Not at all. If I were you I would use a packaged meal diet service. You have to be miscalculatibg. It is literally biologically chemically not possible to eat very little and not lose weight. You may be monitoring what you eat but not limiting calories. You can eat two frosted cupcakes a day only and lose weight. It's about science not drama.

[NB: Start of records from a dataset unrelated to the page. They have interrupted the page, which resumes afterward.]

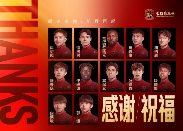 2025賽季·公告|感謝相伴,祝福未來(lái)! 經(jīng)協(xié)商一致,球員尚可風(fēng)、延濟(jì)民、萊昂納多-席爾瓦、黃嘉俊、胡浩越、徐春慶、伊巴謙、賓紀(jì)文、葉道鑫、段德智、向榮峻、郭通與蘇州東吳足球俱樂(lè)部合同到期或租借期滿,正式離隊(duì)。效力蘇州東吳期間,各位球員訓(xùn)練刻 2025/02/05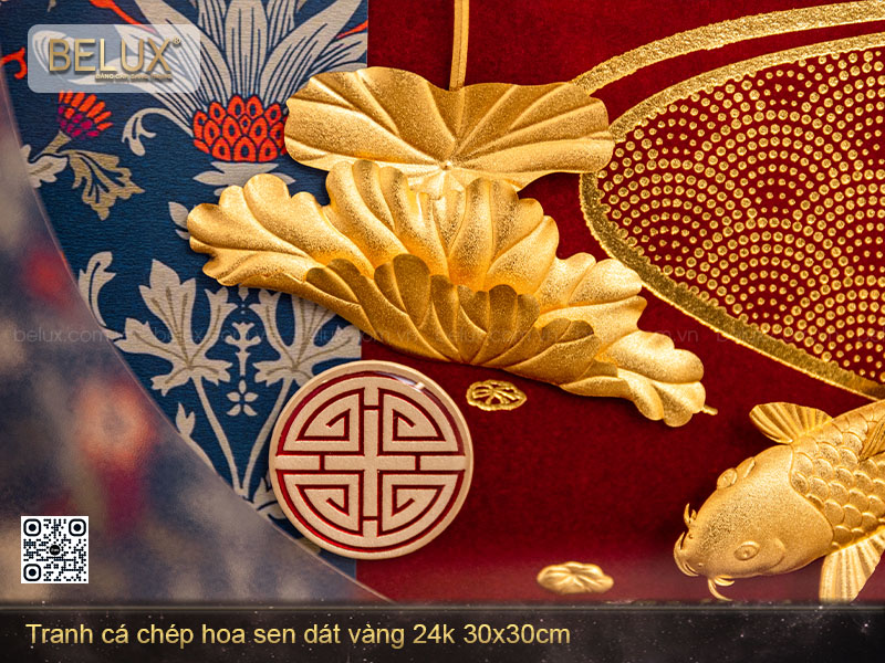 • Tên sản phẩm:  Tranh Sen Ngư Đại Cát dát vàng 24k kt 20x20cm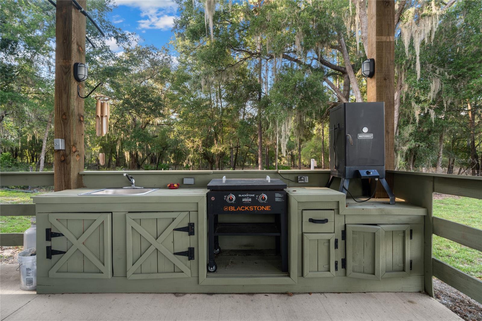 - Courtyard, French Doors, Lighting, Outdoor Grill, Outdoor Kitchen, Storage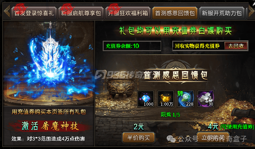 虽然名字叫沉默,但其实是迷失版本,玩法很多,喜欢沉浸式刷怪的兄弟应该会喜欢。比较适合上班族,挂机收菜,爆率还是很不错的。礼包不多,有一个8元的天天挣钱礼包,想长久玩的建议拿下。这个礼包会给一个GM工具,加攻速、爆率,还给巡航,自动大招,刷怪效率很高。除了给东西之外,开通这个礼包,可以解除回收实物的上限。实物回收是获得充值券的重要途径,刷怪掉落实物,回收实物获得的充值券可以用来购买新服特惠的礼包。所有礼包购买后会激活群攻屠魔神技!
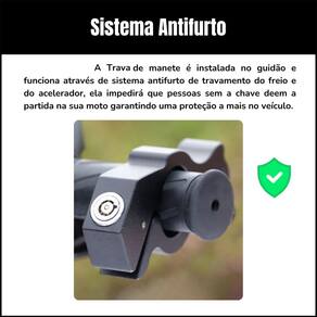 Este produto é uma trava anti roubo ajustável para guidão, adequada para uma variedade de veículos.
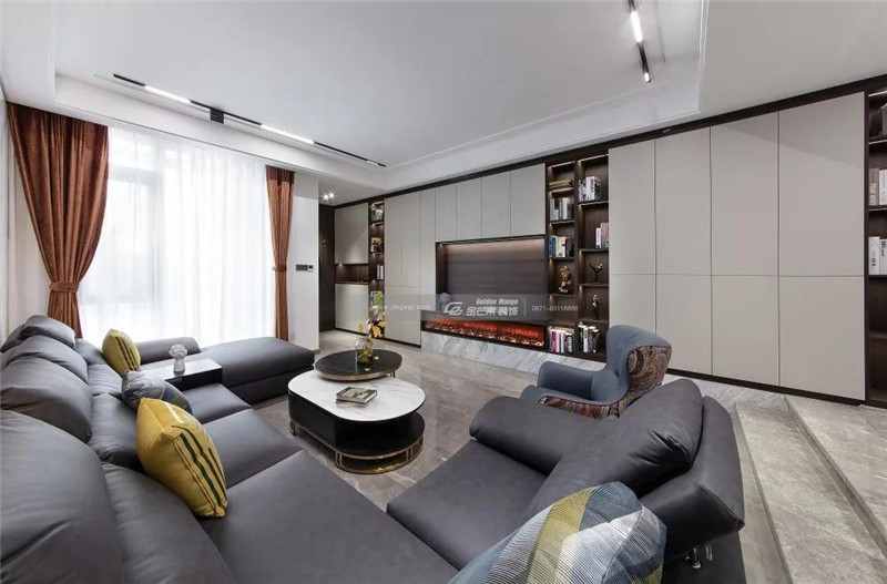 業主周先生是個很注重生活品質的人,大家看到客廳柜體上設置了很多開放格,除了增加空間層次感,業主還購置了很多有意思的小擺件,這么熱愛生活,當然也不會被生活辜負啦~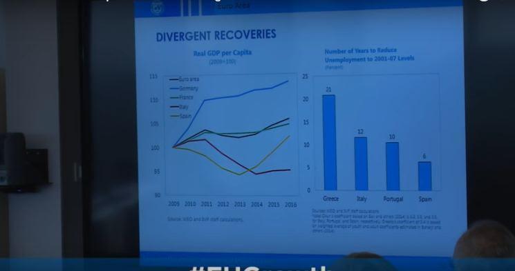 Δηλαδή το 2038 θα επιστρέψει η ανεργία στα προ κρίσης επίπεδα (7,8%), ενώ την ίδια στιγμή δήλωσε πως για την Ιταλία το ίδιο ποσοστό θα επανέλθει σε 12 χρόνια, η Πορτογαλία σε 10 και η Ισπανία σε έξι χρόνια. Όπως είπε «η διαρθρωτική ανεργία, ο αποπληθωρισμός και το υψηλό χρέος είναι κληρονομιές της οικονομικής κρίσης» και σχολίασε πως έξι χώρες της ευρωζώνης έχουν χρέος που ξεπερνά το 100% του ΑΕΠ.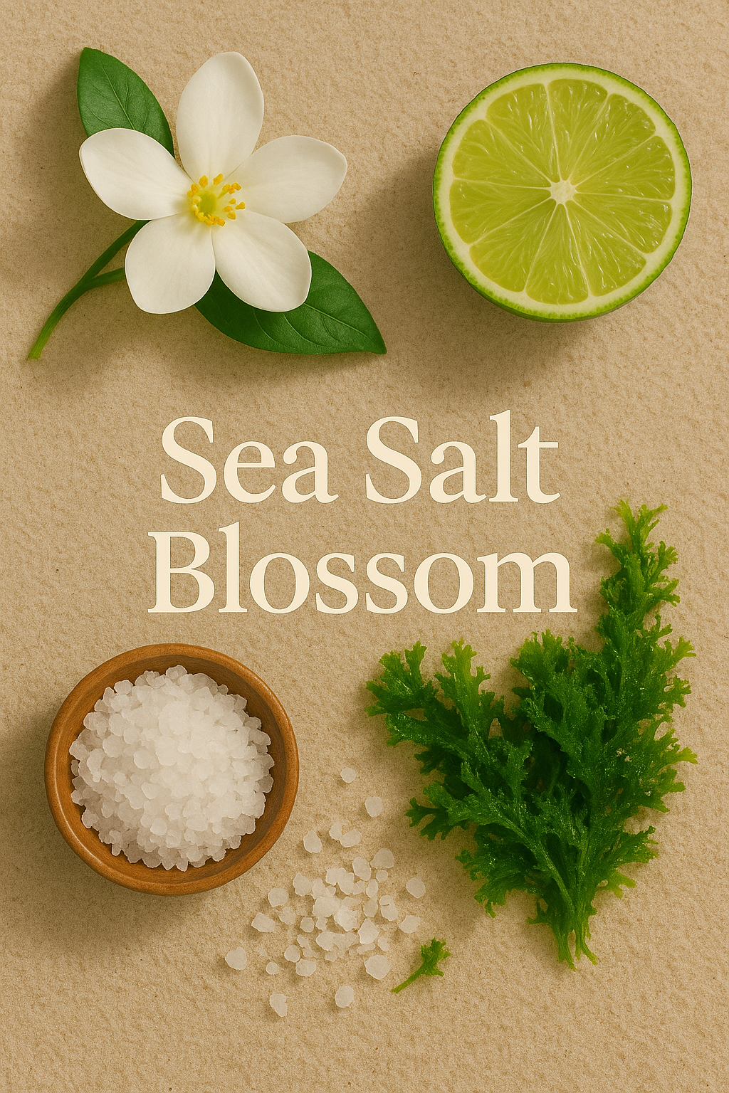 Crisp and airy — Sea Salt Blossom drifts with aquatic florals, bright bergamot, and fresh sea moss for a clean, uplifting scent.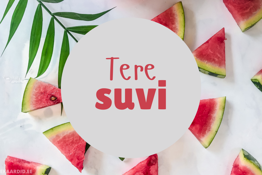 See on soe ja suvine tervituskaart, mis on kaunistatud värskelt lõigatud arbuusiviiludega. Ideaalne suve alguse tähistamiseks!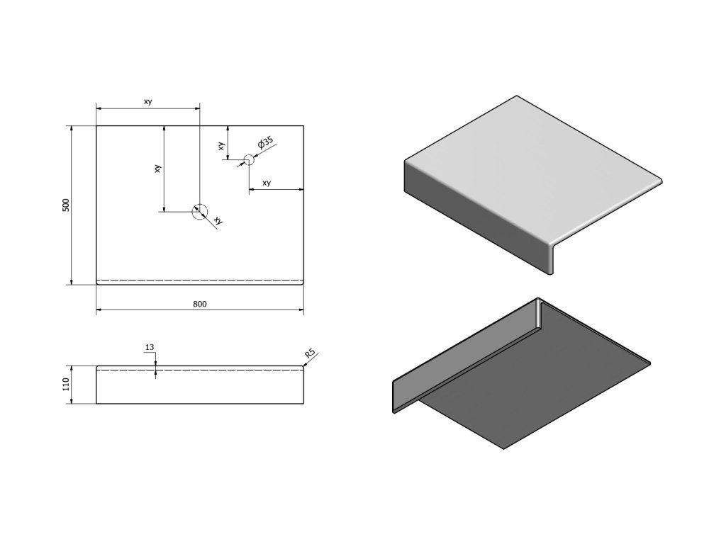 - Možnost dodání s otvory pro baterii a odpad dle výkresu (lze vrtat i v místě instalace)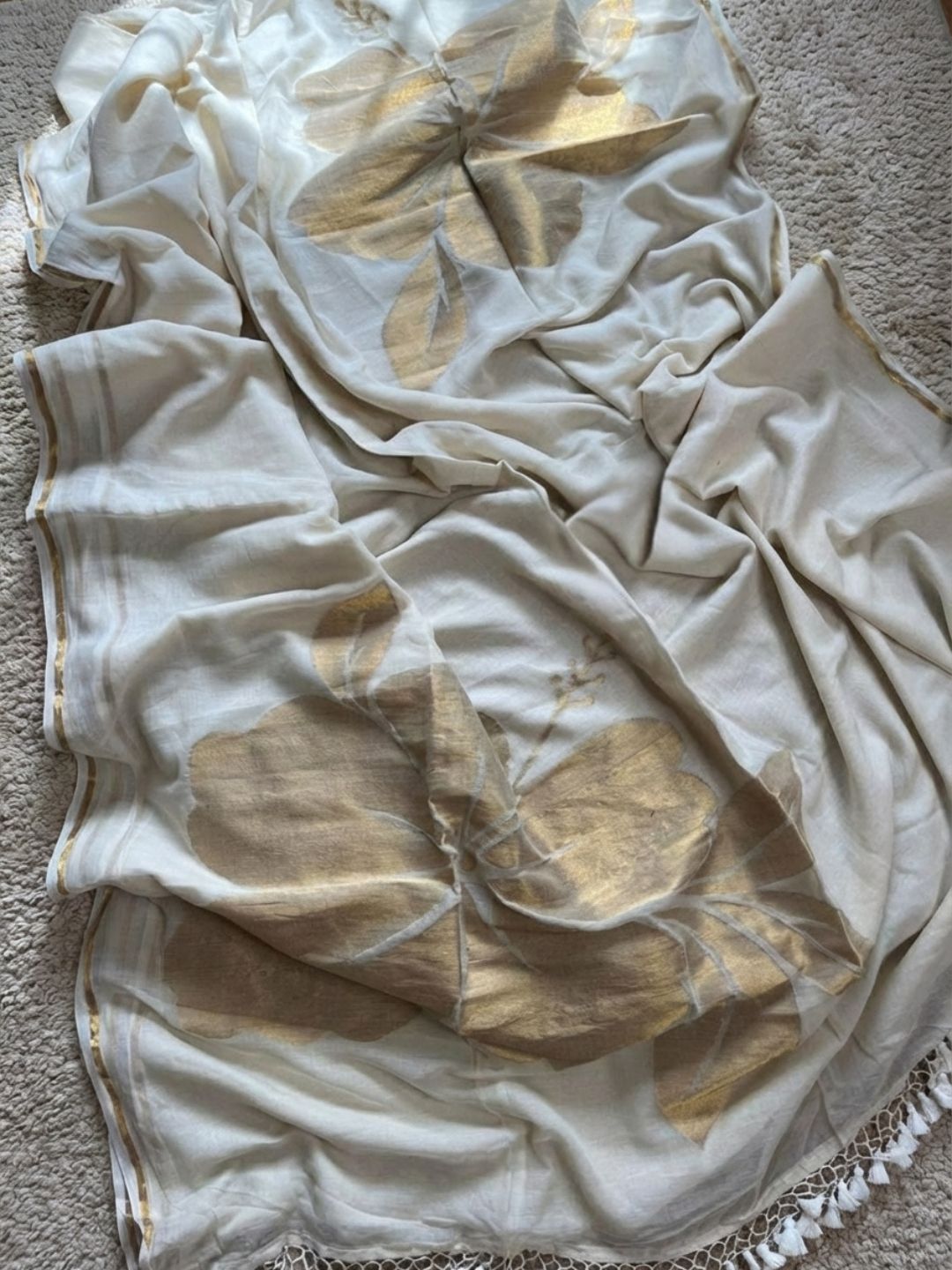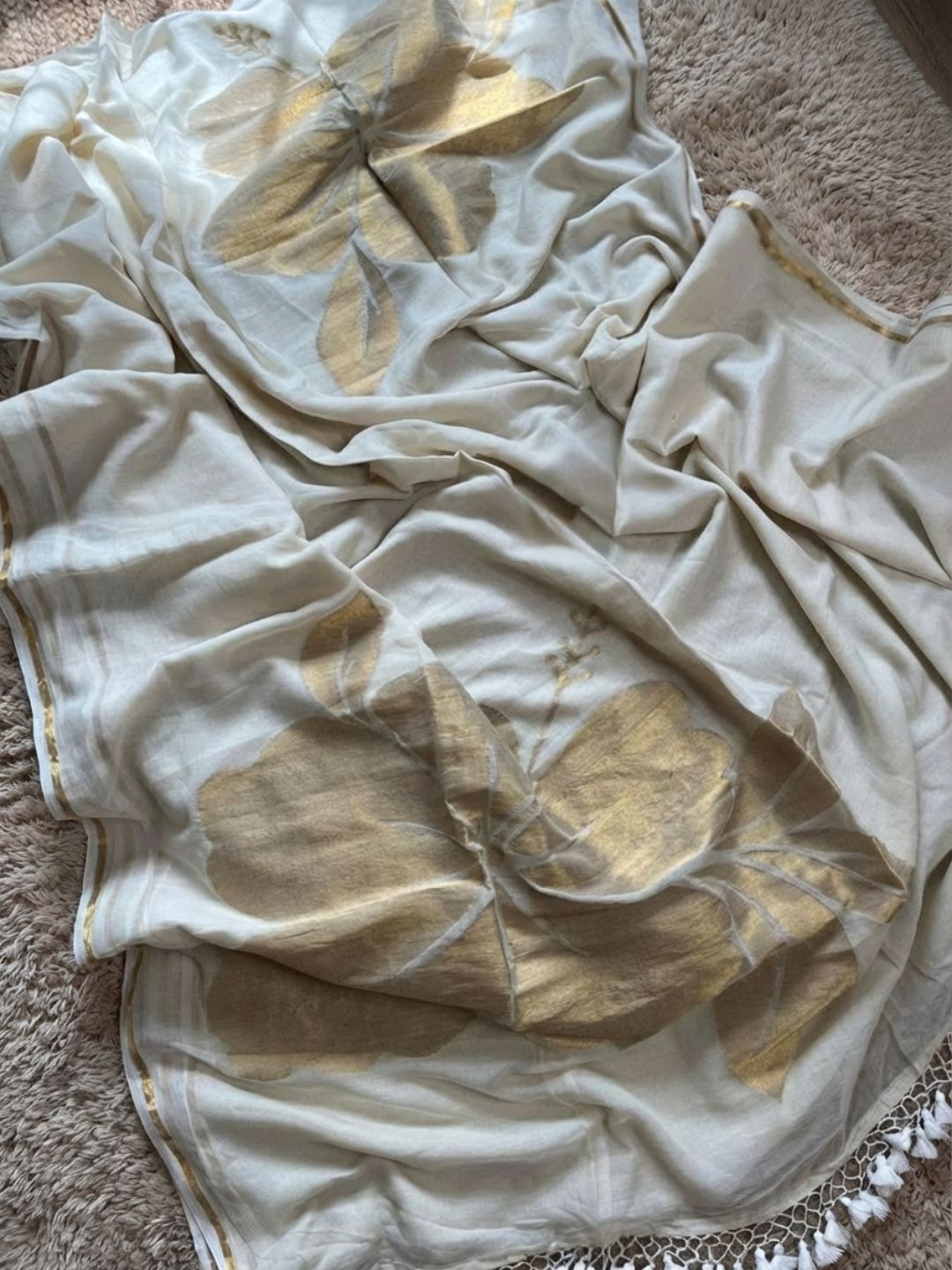 Pure mul cotton handloom saree featuring detailed hand-printed motifs. Soft, airy, and lightweight, perfect for festive occasions, casual outings, or everyday wear with handcrafted elegance.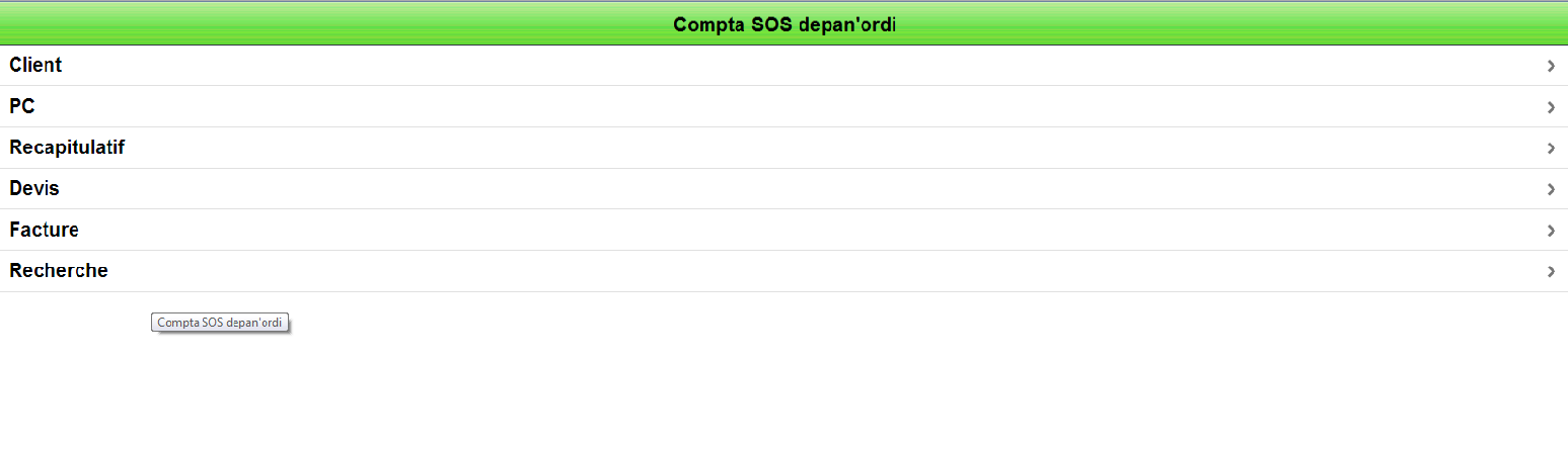 Mon premier stage s'est déroulé au sein de l'entreprise SOS Depan'ordi. Lors de celui-ci je fut charger de développer une application gérant la comptabilité ( Entré d'un nouveau client , Rédaction d'un devis, facture... ). Cette application se devait d'être portable et responsive (C'est a dire de s'adapter à son support.).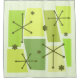 This 1950s midcentury modern vintage abstract art has wonky geometric rectangles with lines that make sputnik starbursts. Colors are shades of light yellow-green.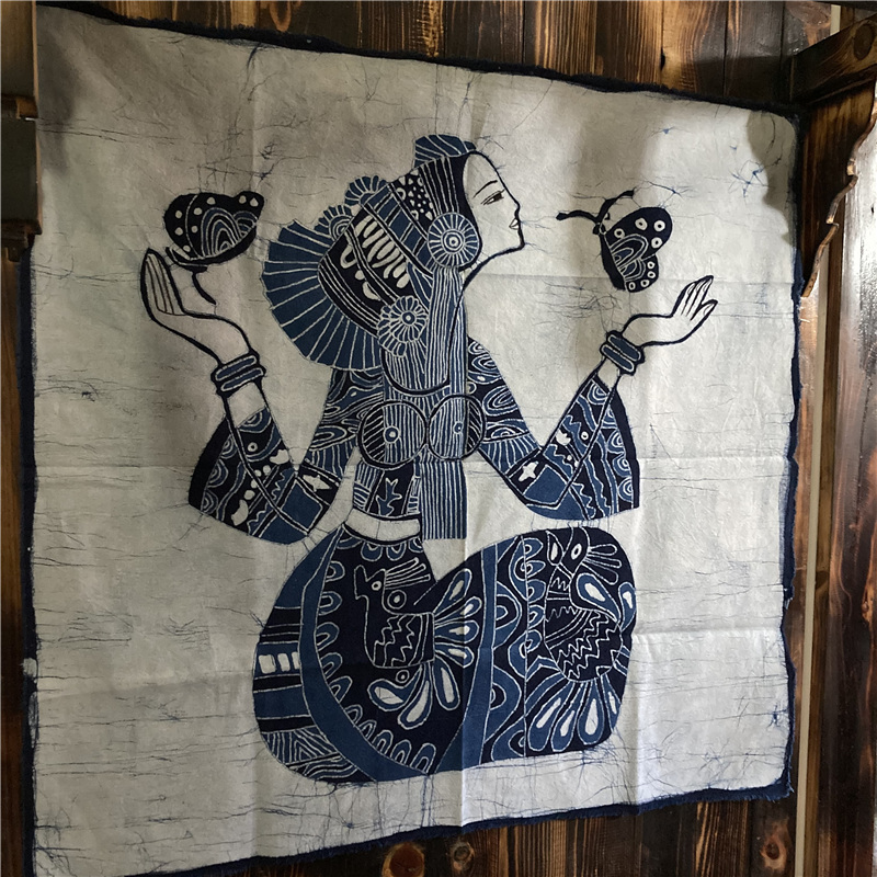Foreign affairs gift Yunnan special hand-painted batik painting wall hanging ethnic style parent-child home restaurant inn decoration cover cloth

While broadly true, not always true. I was eating as I always had and seemed to be gaining weight. Didn't weigh myself, but found I was having to getting size larger and then a size larger than that. Thought the weight gain was just coming from older age and reconciled myself to that. When I finally had symptoms that even I couldn't ignore, it turned out that a had a medical condition that was causing body swelling. Turns out that water weight can be a real thing.
Anonymous
^^Meant to add if I hadn't been so chill about the weight gain and had been trying all the things previous posters say they have tried, I would have wanted to rant and vent as well. And none of those things would have done anything for my weight gain as they would have had zero effect on the medical condition causing it.
Anonymous
I was where you are. Had lost weight twice on WW, once on dr supervised keto, and gained it back plus more each time. Current doctor convinced me to try a GLP1, and I'm glad they did; my bmi went from 34 to 24. Size 18 down to a size 10 (and still losing). It has not been a walk in the park -- the med I'm on is not magic and has side effects. But it worked.